La hibridación convierte al Corvette en tracción total
Eso ya es cosa del pasado, pues el alma del Corvette se ha acercado al círculo de los superdeportivos, y con su configuración de motor central juega en otra liga. Con el E-Ray llega ahora la hibridación, que convierte por primera vez al icono entre los deportivos americanos en un tracción total. Se podría decir que con el C8 rompe con tradiciones, algo que no todos los fans del Corvette ven con buenos ojos, y recuerda un poco al cambio de refrigeración por aire a agua en el Porsche 911.
Pero mientras los "ultras" protestan, los compradores deciden: el portavoz de Corvette, Patrick Herrmann, celebra que en el primer año de ventas del C8 se matricularan más unidades que de la C7 en todo su ciclo.
Diseño
Y no es de extrañar si uno se acerca a la C8 sin prejuicios. Es cierto que se ha perdido el encanto del morro largo, pero a cambio el C8 gana en atractivo de superdeportivo. Proporciones y diseño podrían pertenecer a un italiano de pura raza; aun así, el C8 sigue siendo reconocible como una Corvette.
Con todo, el diseño y la posición de conducción modificada generan un comportamiento dinámico completamente nuevo, más ágil desde el primer momento, ya que uno se sienta casi en el punto de giro central, algo que se siente en cada metro: motor central, simplemente.
Diferencias entre el Corvette C8 Stingray, Z06 y E-Ray
Antes de analizar con más detalle las diferencias dinámicas de los tres modelos, sobrevolamos rápidamente las diferencias técnicas. El Stingray marca la entrada a la gama y, en bella tradición, apuesta por el V8 small-block de 6,2 litros, colocado muy bajo para un centro de gravedad ideal, que entrega 482 CV al eje trasero mediante una caja automática de doble embrague y ocho marchas.
Con cárter seco y los Michelin Pilot Sport 4S de alto agarre, incluso la versión base está lista para experiencias en pista; la suspensión adaptativa "Magnetic Selective Ride Control 4.0" está disponible como extra.
El Z06, con el paquete opcional Z07 que incluye elementos aerodinámicos, frenos cerámicos de carbono, Michelin Pilot Sport Cup 2 y carrocería ensanchada, juega visualmente una liga de rendimiento mucho más alta. Y eso tiene mucho que ver con el motor 5,5 litros derivado del C8 de competición, con cigüeñal plano, que genera 646 CV y es el V8 atmosférico más potente jamás montado en un coche de serie.
A diferencia del small-block de dos válvulas, que cultiva la potencia mediante el cubicaje, el 5.5 apuesta todo a las altas revoluciones, con distribución de cuatro válvulas incluida.
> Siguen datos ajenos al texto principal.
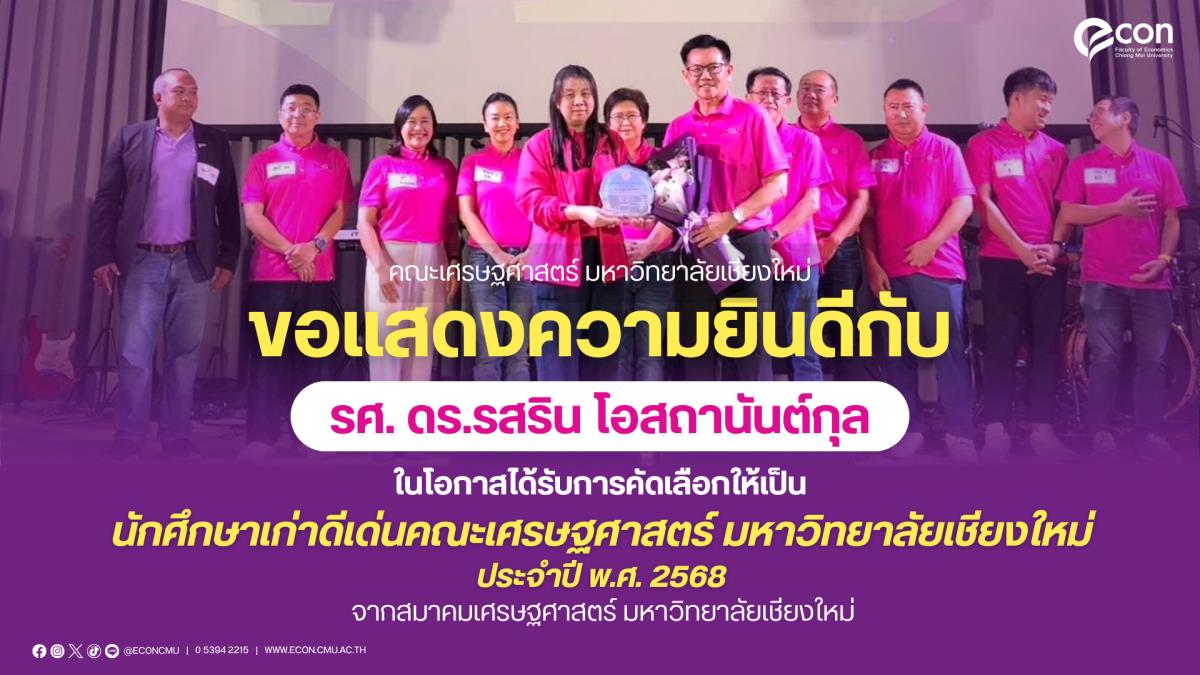 รศ. ดร.รสริน โอสถานันต์กุล ได้รับการคัดเลือกให้เป็น “นักศึกษาเก่าดีเด่นคณะเศรษฐศาสตร์ มหาวิทยาลัยเชียงใหม่ ประจำปี 2568”
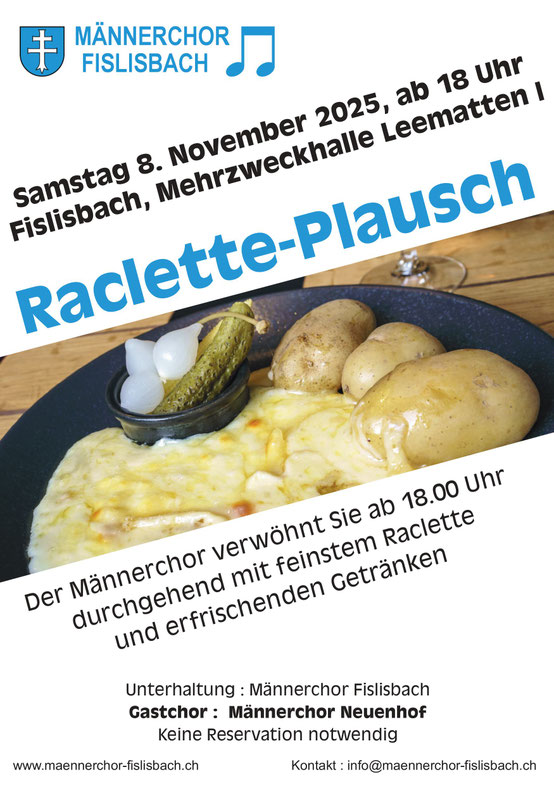 Bald ist es wieder soweit, der Männerchor Fislisbach lädt auf Samstag, 8. November 2025 zum Raclette-Plausch in die herbstlich dekorierte Mehrzweckhalle Leematten I ein.

161 CV del motor eléctrico con una batería de 1,9 kWh
El flamante E-Ray es prácticamente una mezcla del Stingray y Z06, ya que combina el small-block de 6.2 litros con apoyo eléctrico en el eje delantero, mientras que los elementos de carrocería ancha provienen directamente de la Z06. Los ejes delantero y trasero solo están sincronizados electrónicamente; el motor eléctrico de 161 CV se alimenta de una batería de iones de litio de 1,9 kWh, ubicada entre y debajo de los ocupantes.
La batería se carga automáticamente durante la marcha o al pulsar un botón en el túnel central del lado del conductor. Entonces, dependiendo del modo de conducción, se recarga rápidamente y vuelve a estar lista para nuevos impulsos. A plena carga, la densidad energética equivale a la de una taza de gasolina, explica Patrick Herrmann.

También es posible conducir en modo completamente eléctrico, pero debe activarse el "Stealth Mode" antes de arrancar. A partir de unos 70 km/h o al dar un fuerte pisotón al acelerador, se enciende el V8, que puede funcionar incluso como V4 gracias al sistema de desactivación de cilindros.
Comportamiento
El clima casi nos arruina la sesión de fotos con los tres Corvette, pero tuvimos suerte y las estrechas y en gran parte desiertas carreteras de montaña del Spessart fueron el escenario ideal para recoger algunas impresiones con neumáticos de invierno.
Naturalmente, comenzamos con el E-Ray, que con su tracción total debería desenvolverse especialmente bien con el estado resbaladizo de algunos tramos. También aquí se está sentado algo alto, con buena visibilidad hacia adelante, y se mira hacia un cockpit dominado por dos pantallas, un volante de doble recorte y un túnel central imponente. Este último alberga botones para seleccionar marchas y modos de conducción, además de una larga banda de interruptores para el climatizador.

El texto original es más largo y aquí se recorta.